§ **Brief**: Provide a verbatim copy of all the records below, leaving the images out.

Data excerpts

++++++++++

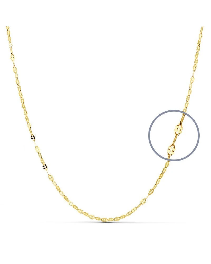 Cadena de oro de 18 kilates de 45 cm de largo con un diseño facetado. Tiene 2 mm de ancho. Incluye una marca de contraste oficial 750 y sello de fabricante. Se entrega con estuche y toda la garantía de la joyería más antigua de España.
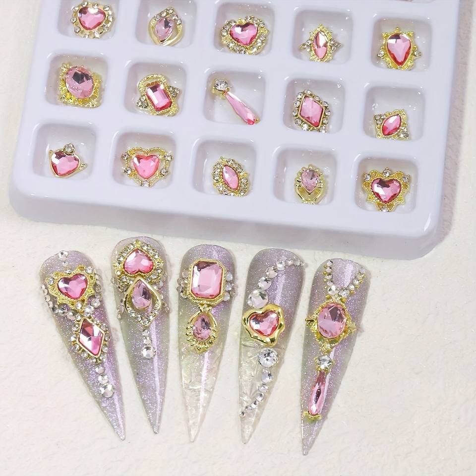 พลอยเทียมคริสตัลและอัลลอยด์เคลือบเงาสุดหรู20ชิ้นเครื่องประดับเล็บเพชรสำหรับทำเล็บแบบทำมือ
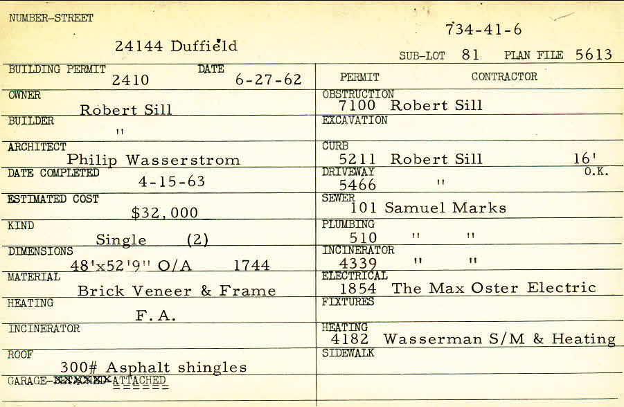 24144 Duffield Road Shaker Heights, OH 44122 PARCEL ID: 734-41-006 Building Permit Date: 06-27-1962 Plan File Number: 5613 Microfilm Roll: Roll#76 Neighborhood: Mercer Owner: Sill, Robert Builder: Sill, Robert Architect: Wasserstrom, Philip Estimated Cost: 32000 Date Completed: 04-15-1963 Kind: Single, Single Residence or Dwelling (2) Material: Brick Veneer and Frame Heating: Forced Air Roof: 300# Min Asphalt Garage: attached |
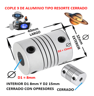 COP3ACNC32X40/8/15 Cople Flexible De Aluminio Tipo Resorte EXTERIOR 32mm LARGO 40mm
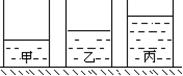 9、如图4所示,三只相同的烧杯中,分别装有质量相等的水、煤油和硫酸,已知ρ酸>ρ水>ρ油,则
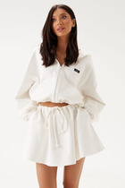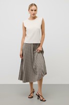 Юбка А-силуэта длиной миди, двухслойная. Верхний слой из сетки, нижняя юбка  из ткани (крой по косой). По верхнему срезу притачана эластичная тесьма (внутр. 20мм 20RV). Нижний срез  верхней юбки с "сырым срезом". Нижний срез нижней юбки обработан швом вподгибку.
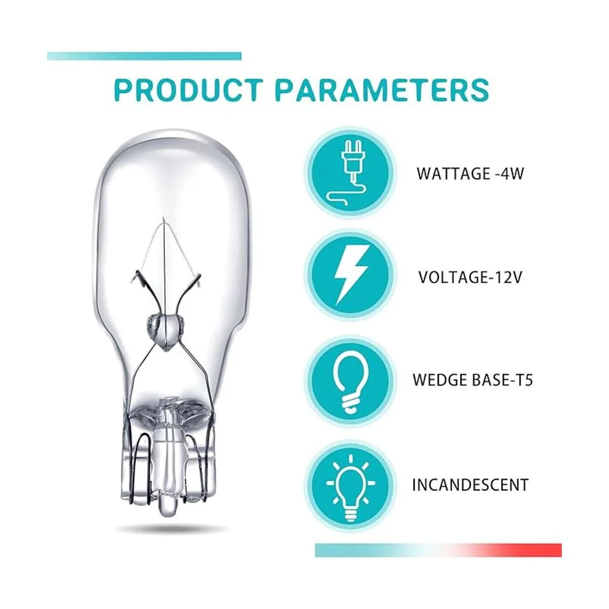 El paquete incluye: recibirás 10 bombillas transparentes T5 de base de cuña, cantidad suficiente para tu uso diario y reemplazo; asegúrate del tamaño antes de comprar en caso de una situación inadecuada
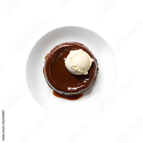 © Anastasiia Bublyk, Fototapeta premium Chocolate fondant with ice cream isolated on white plate on transparent background. Dessert
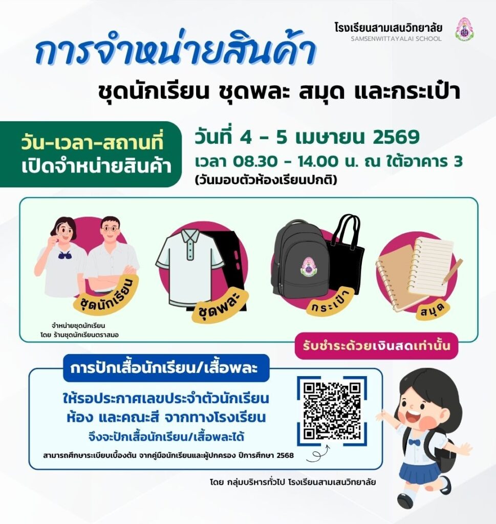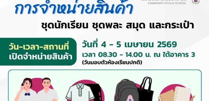 โรงเรียนสามเสนวิทยาลัย เปิดจำหน่ายสินค้า ชุดนักเรียน ชุดพละ สมุด และกระเป๋า ในวันที่ 4 – 5 เมษายน 2569 (วันมอบตัวห้องเรียนปกติ) เวลา 08.30 – 14.00 น. ณ ใต้อาคาร 3

++++++++++

§ **Result for this task**:
 Cadena de oro de 18 kilates de 45 cm de largo con un diseño facetado. Tiene 2 mm de ancho. Incluye una marca de contraste oficial 750 y sello de fabricante. Se entrega con estuche y toda la garantía de la joyería más antigua de España.
 พลอยเทียมคริสตัลและอัลลอยด์เคลือบเงาสุดหรู20ชิ้นเครื่องประดับเล็บเพชรสำหรับทำเล็บแบบทำมือ
 24144 Duffield Road Shaker Heights, OH 44122 PARCEL ID: 734-41-006 Building Permit Date: 06-27-1962 Plan File Number: 5613 Microfilm Roll: Roll#76 Neighborhood: Mercer Owner: Sill, Robert Builder: Sill, Robert Architect: Wasserstrom, Philip Estimated Cost: 32000 Date Completed: 04-15-1963 Kind: Single, Single Residence or Dwelling (2) Material: Brick Veneer and Frame Heating: Forced Air Roof: 300# Min Asphalt Garage: attached |
 COP3ACNC32X40/8/15 Cople Flexible De Aluminio Tipo Resorte EXTERIOR 32mm LARGO 40mm
 9、如图4所示,三只相同的烧杯中,分别装有质量相等的水、煤油和硫酸,已知ρ酸>ρ水>ρ油,则
 Юбка А-силуэта длиной миди, двухслойная. Верхний слой из сетки, нижняя юбка  из ткани (крой по косой). По верхнему срезу притачана эластичная тесьма (внутр. 20мм 20RV). Нижний срез  верхней юбки с "сырым срезом". Нижний срез нижней юбки обработан швом вподгибку.
 El paquete incluye: recibirás 10 bombillas transparentes T5 de base de cuña, cantidad suficiente para tu uso diario y reemplazo; asegúrate del tamaño antes de comprar en caso de una situación inadecuada
 © Anastasiia Bublyk, Fototapeta premium Chocolate fondant with ice cream isolated on white plate on transparent background. Dessert
 โรงเรียนสามเสนวิทยาลัย เปิดจำหน่ายสินค้า ชุดนักเรียน ชุดพละ สมุด และกระเป๋า ในวันที่ 4 – 5 เมษายน 2569 (วันมอบตัวห้องเรียนปกติ) เวลา 08.30 – 14.00 น. ณ ใต้อาคาร 3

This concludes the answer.